Work request | Copy out the data below from the line containing "in Originalgrösse postfrisch" to the line containing "拍攝的攝影棚是位於 AK PLAZA", both lines included, with all images left out.

[Extracted records]
+++

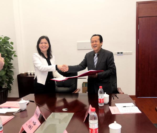 关保英与张丽莉代表研究中心和青浦区法制(监司)委员会签订合作协议。
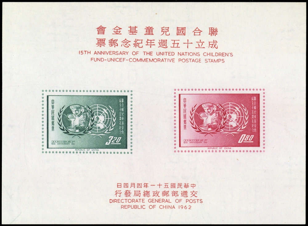 1962, Blockausgabe "15 Jahre Kinderhilfswerk der Vereinten Nationen (UNICEF)" in Originalgrösse postfrisch
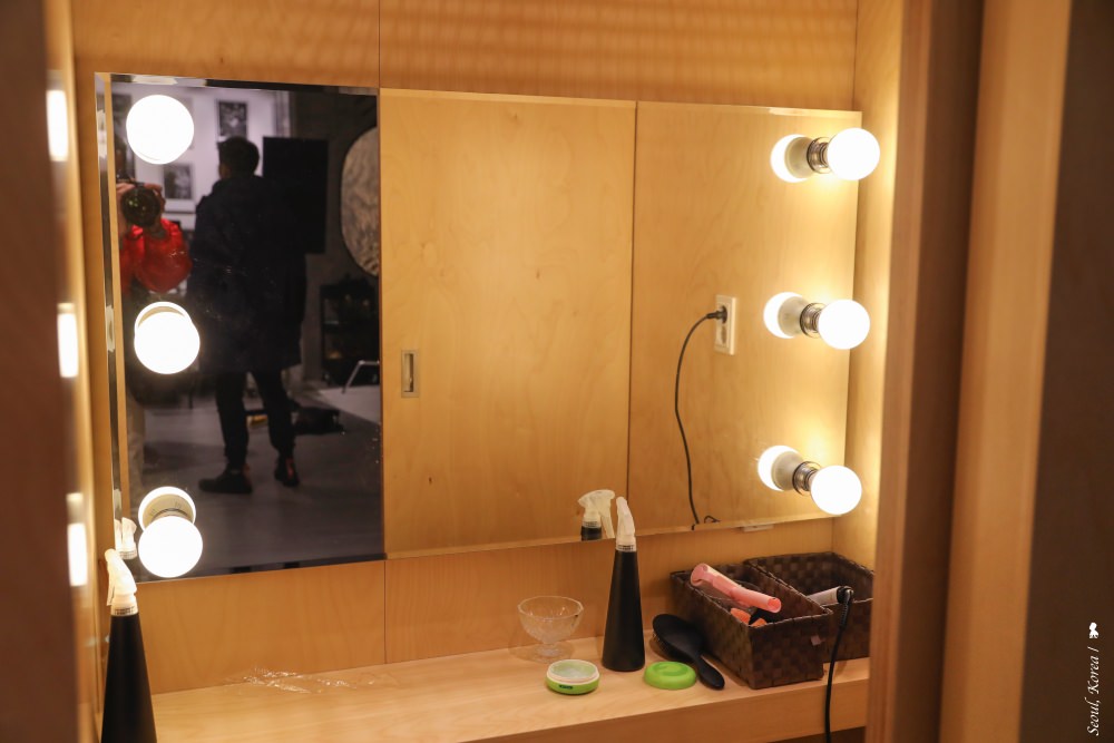 拍攝的攝影棚是位於 AK PLAZA 的富士照相館(Fuji Film: The Studio),這座位於弘大的 AK PLAZA 是 2018 年 8 月才開幕的購物商場,攝影棚自然也相當新穎,有別於一般在台灣常去拍攝的傳統相館。這裡有個像是劇院後台的梳化間,有髮膠等備品提供使用,正式拍攝前可在這稍作整理。
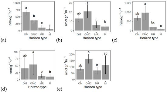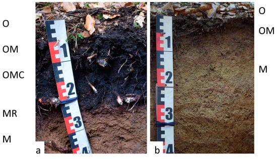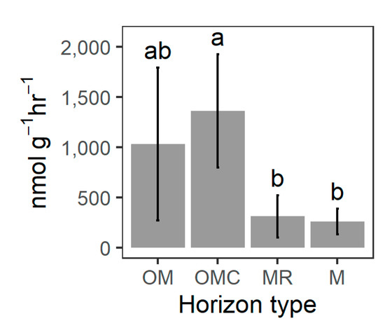 - Andersson, M.; Kjøller, A.; Struwe, S. Microbial Enzyme Activities in Leaf Litter, Humus and Mineral Soil Layers of European Forests. Soil Biol. Biochem. 2004, 36, 1527–1537. [Google Scholar] [CrossRef]
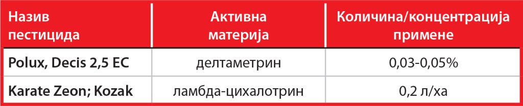 Ukoliko se u zasadima leske uoči prisustvo gore pomenutih štetočina preporučuje se sprovođenje mera zaštite primenom jednog od registrovanih insekticida:

+++

Your response |
 1962, Blockausgabe "15 Jahre Kinderhilfswerk der Vereinten Nationen (UNICEF)" in Originalgrösse postfrisch
 拍攝的攝影棚是位於 AK PLAZA 的富士照相館(Fuji Film: The Studio),這座位於弘大的 AK PLAZA 是 2018 年 8 月才開幕的購物商場,攝影棚自然也相當新穎,有別於一般在台灣常去拍攝的傳統相館。這裡有個像是劇院後台的梳化間,有髮膠等備品提供使用,正式拍攝前可在這稍作整理。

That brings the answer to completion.